Gender diversity on ag boards, what do the numbers say?
GENDER equality in agriculture has been a hot topic of discussion in recent months as the newly elected Cattle Australia board tries to find its feet – with one woman and six men at the helm.
The grass industry completed a long and historic transition to a new representative body at the end of last year, with the Cattle Council of Australia disbanding and the new organization established.
Since the election, many have called on the agricultural industry to step up its efforts to attract more women into representative roles. Others have argued that there are no gender barriers in agriculture and the industry is leading the way with women already filling major representative roles.
With the debate likely to continue for the foreseeable future, Beef Central decided to investigate the number of women on boards in representative agricultural groups and companies.
Interesting statistics and context
For Cattle Australia elections, board members nominate themselves for certain regions – northern, southern and western – before members from within their region agree. The board then nominates two independent directors.
While the independent directors have not been appointed, CA chairman David Foote told a Beef Australia podcast that he would like to increase the number of women on the board with the appointment of independent directors.
Out of 16 candidates for the council, three women nominated, and one was successful, meaning that a third of the women who nominated were elected. The percentage of successful male candidates was higher at 46pc – with West Australian member James Bowie being appointed unopposed and automatically.
The previous CCA board was more gender diverse than Cattle Australia, with five women and six men as members – all of whom decided not to run for the new body.
The Federal Government has a mandatory requirement for companies with more than 100 employees to report to its Workplace Gender Equality Agency.

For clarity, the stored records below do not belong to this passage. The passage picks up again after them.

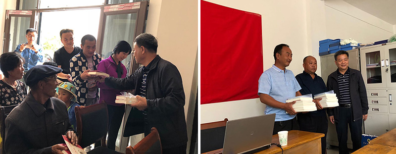 課后,學(xué)院領(lǐng)導(dǎo)把《習(xí)近平新時(shí)代中國(guó)特色社會(huì)主義思想學(xué)習(xí)綱要》《習(xí)近平新時(shí)代中國(guó)特色社會(huì)主義思想三十講》《全國(guó)優(yōu)秀共產(chǎn)黨員風(fēng)采錄》《新時(shí)代黨支部規(guī)范化建設(shè)工作實(shí)用手冊(cè)》和“掃黑除惡”知識(shí)手冊(cè)等14類(lèi)50多冊(cè)黨建書(shū)籍分別贈(zèng)送給蘆草溝村、尚家臺(tái)村黨支部和駐村工作隊(duì),還向聽(tīng)課的村民黨員贈(zèng)送《習(xí)近平的七年知青歲月》等書(shū)籍。進(jìn)村入戶(hù)的幫扶干部向幫扶戶(hù)村民黨員贈(zèng)送了黨建書(shū)籍。共贈(zèng)送100多冊(cè)價(jià)值2700多元黨建書(shū)籍和掃黑除惡手冊(cè)。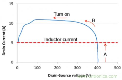 圖3:針對(duì)一個(gè)硬開關(guān)變換的接通轉(zhuǎn)換。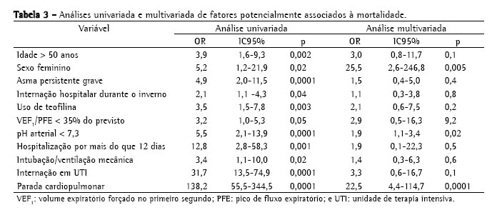 As variáveis significativamente associadas à mortalidade por asma durante a hospitalização foram incluídas em uma análise multivariada (Tabela 3). Após o ajuste para os outros preditores do modelo, descobrimos que três variáveis estavam associadas à mortalidade por asma. Duas dessas variáveis apresentaram associação particularmente forte com a mortalidade por asma, aumentando de forma independente a probabilidade de morte durante a hospitalização: sexo (feminino; OR = 25,5; IC95%: 2,6-246,8) e parada cardiopulmonar (OR = 22,5; IC95%: 4,4-114,7). Uma terceira variável, pH arterial < 7,3 durante a hospitalização (OR = 1,9; IC95%: 1,1-3,4), também estava associada a aumento significativo da mortalidade por asma.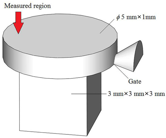 The measured mechanical properties of molded microneedle array parts were affected by various factors such as material properties, dimensional errors, and molding defects. In order to clarify the influence of ultrasonic vibration on the material properties of microneedle array parts, it is necessary to eliminate other factors in the injection molding affecting the measurement data. Therefore, the measurement of the needle portion had a large deviation, and the measurement of base portion can better clarify the effect of ultrasonic vibration on the material properties of microneedle array parts. LUμIM experiments were carried out using PP and PMMA materials with different excitation voltages of ultrasonic vibration, where the processing parameters are shown in Table 2, and the diagram of the shape, dimensions and the measured region of the base portion part is shown in Figure 6. The measured region is located approximately 1.5 mm away from the center of upper surface in the opposite direction to the gate. This location aims to avoid the unstable shear flow and microstructural distortion caused by the entrance effect near the gate, and on the other hand, to avoid the negative influence of possible sink marks near the center of the upper surface. Making nine measurements for each experimental condition, meanwhile ensuring more than five effective measurement results whose standard deviation coefficient is less than 5%, and subsequently taking the average of the effective measurement results, gave the final measurement result.

The WGEA says that in the financial year 2021-’22, women made up 34% of the board members. A sample of eight ASX-listed companies (highlighted below) shows that 29% of board members are women. These data do not include very representative groups.
Agricultural company boards
Beef Central selected eight agricultural companies listed on the Australian Stock Exchange – most of them in the ASX 300. As a collective, the companies are slightly below the national average with 29% of members being female – it has 38 men and had 16 wives.
One of the companies has a female CEO, and the rest are male. Here are some interesting statistics.
Elsewhere has a 50/50 gender split on its board if you include the two company secretaries in Peter Hastings and Shannon Doecke. CEO Mark Allison will step down later this year. Australian Agricultural Company has a male CEO in David Harris, but the leadership team has three men and two women. AA Co has a gender diversity policy which aims to grow the number of women in senior roles. GrainCorp has four men and two women in its senior leadership team. Incitec Pivot is the only company in this group with a female CEO in Jeanne Johns. Rural Funds Group – the company has investments in a range of different sectors and some major companies including Queensland Cotton, JBS, AA Co, Stone Ax and Mort & Co are readers.
Beef Central did not include international companies in its official percentages, as information on some of the major companies – including Cargill – was difficult to find. However, we managed to find the details of some major players.
Nutrien Ag Solutions – the US-based board has eight men and four women, according to its website. JBS – The meat processor’s board has seven males and two females. The board still includes founder José Batista Sobrinho.
State farm organizations
Beef Central collected data from all the state farm organizations in Australia, which showed 25% representation of women on the boards and all the CEOs are male.
Two groups have female presidents with Victorian Farmers’ Federation led by Emma Germano and Qld’s Agforce led by Georgie Somerset. Here is the breakdown:
Agforce has a board structure consisting of directors from five different area-based branches, presidents of commodity-specific boards and a general president in Georgie Somerset. Figures not included in the overall statistics are the Young Producers Council – which has more women than men, by five to four respectively. Livestock SA has two regional chairs that are not included in the statistics – both are male. WA Farmers have grain, livestock and dairy presidents who are not included in the statistics. Four staff members are listed on the website with three women and one man, who is the CEO. NTCA to go to AGM in February We were unable to obtain board information from the Pastoralists and Graziers’ Association of Western Australia – which has five separate committees. Industry representative groups
Agriculture’s peak lobby group, the National Farmers’ Federation, is included in the industry’s representative group section. The division also covers commodity specific boards from the cattle, sheep, grain and cotton sectors.
It shows 22% of board members are women and three out of nine CEOs are women – with a Cattle Australia CEO yet to be appointed and the GrainGrowers CEO who stepped down last year.
Sheep Producers Australia is expected to add another director later this week.
Research and Development Corporations
Of all the groups surveyed, the RDCs have the highest proportion of women on their boards with a combined total of 32pc. All CEOs are male.